The old adages “be careful what you sign!” and “don’t sign your life away!” could not be more pertinent in this digital and diverse business market age. The use of small print by companies when engaging with consumers in contractual agreements is commonplace and consumers can be left bound by contracts they unwittingly signed.
However, there is hope for the consumer who has suffered injuries after signing a contract with another party who then seeks to limit the consumer’s right to pursue an injury claim because of reliance on an exclusion clause.
The law in this matter is governed by the Consumer Rights Act 2015. This recent act was an amalgamation of three much older acts – the Sale of Goods Act 1979, the Supply of Goods and Services Act 1982 and the Unfair Contract Terms Act 1977 (UCTA).

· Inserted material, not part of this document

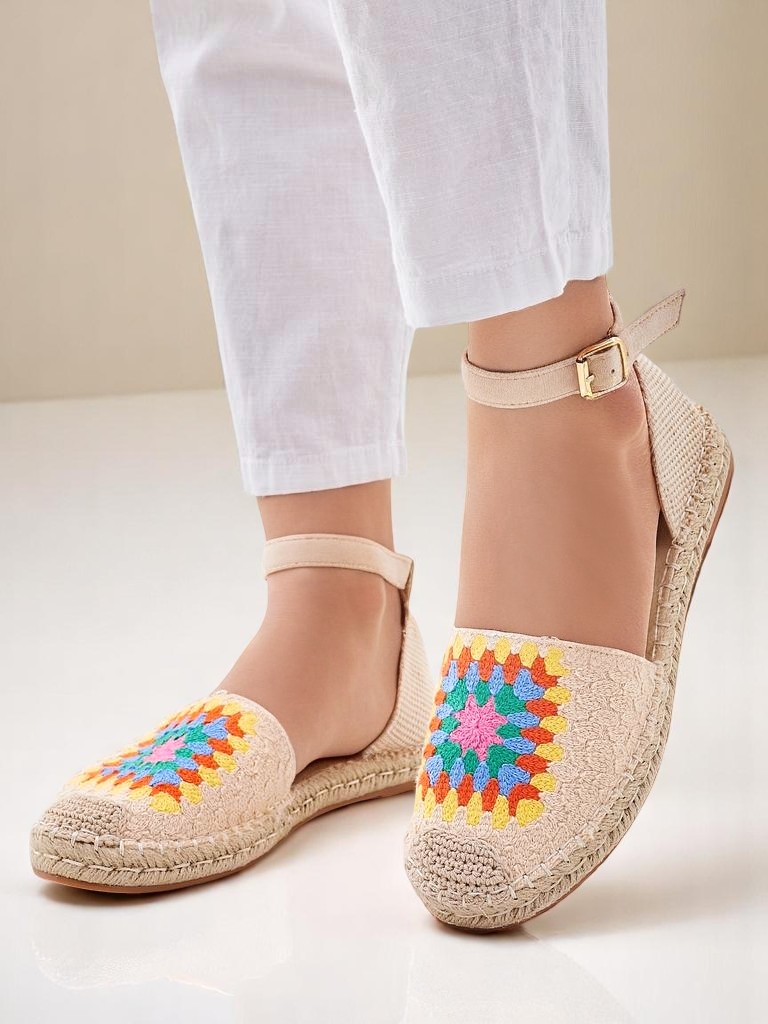 - Egyedi női espadrille dekoratív hímzéssel. Az egész modell kellemes anyagból készült. A zsineggel díszített lapos talp kényelmet biztosít. Csattal rögzíthető. Tökéletes kiegészítő a nyári öltözetekhez!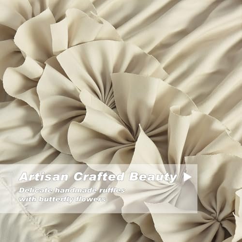 Homechoice Decor Camel Blackout Curtains with Handmade Ruffles, Butterfly Flower Embellishments for Thermal Insulated Room Darkening Drapes, 42″ W x 63″ L (Pair) for Bedroom, Living Room (LQ-37) : Home & Kitchen

UCTA (and now the Consumer Rights Act) was brought in to protect consumers against unfair contract terms imposed on them by traders. Under this act some terms are automatically unenforceable against the consumer. This includes any attempt to exclude or limit liability for death or personal injury arising out of the trader’s negligence.
In a recent case Lyons Davidson dealt with, the defendant traders had demanded that our client pay £2,000 to them before they would even investigate their liability to her for the injury she had suffered because of their negligence. She believed she would have to make the payment before she could pursue any claim, because this provision was in the contract that she had signed.
We advised our client that the contract term was unenforceable against her because of the protection the Consumer Rights Act provides because the term purported to impose a limit on her right to pursue her injury claim. She was therefore able to proceed with her claim according to the usual protocols and procedures, and without making any payment to the trader.